An IP2I team evaluated the effectiveness of different neural network architectures in discriminating between neutron and gamma radiation signals on the NEDA detector.
NEDA (NEutron Detector Array) is a neutron detector designed for use with high-resolution gamma-ray spectrometers, such as AGATA (Advanced GAmma Tracking Array). The scintillating liquid used in NEDA is not only sensitive to neutrons, but also to gamma radiation: it is therefore imperative to differentiate between neutron and gamma interactions.
The IP2I team used different neural network architectures (densely connected, convolutional and recursive) to analyze and classify signals generated by each type of particle during the AGATA/NEDA/DIAMANT campaign at GANIL. Thanks to the coincidence information obtained on AGATA, they were able to measure the performance of each architecture in real situation.
For the simplest networks, the discrimination could be done online during the data collection, with a processing time of the order of a microsecond per signal.

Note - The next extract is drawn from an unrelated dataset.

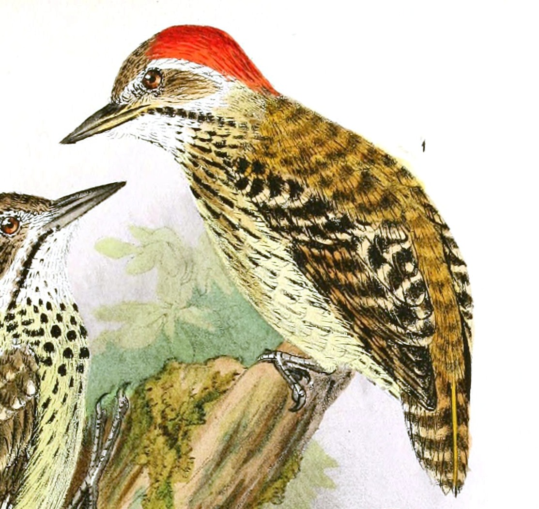 A male Cardinal woodpecker as illustrated in Die Vögel Afrikas von Ant. Reichenow. Atlas. Neudamm, Verlag von J. Neumann, 1900-05

For the others, the results were obtained offline on the CCIN2P3 GPU farm.
This work has also allowed them to study the possibilities of neural networks in signal processing: compression, decorrelation of stacked signals (see illustration) or reconstruction of incomplete signals for example.
Their results are the subject of an article published in Nuclear Instruments and Methods in Physics Research section A.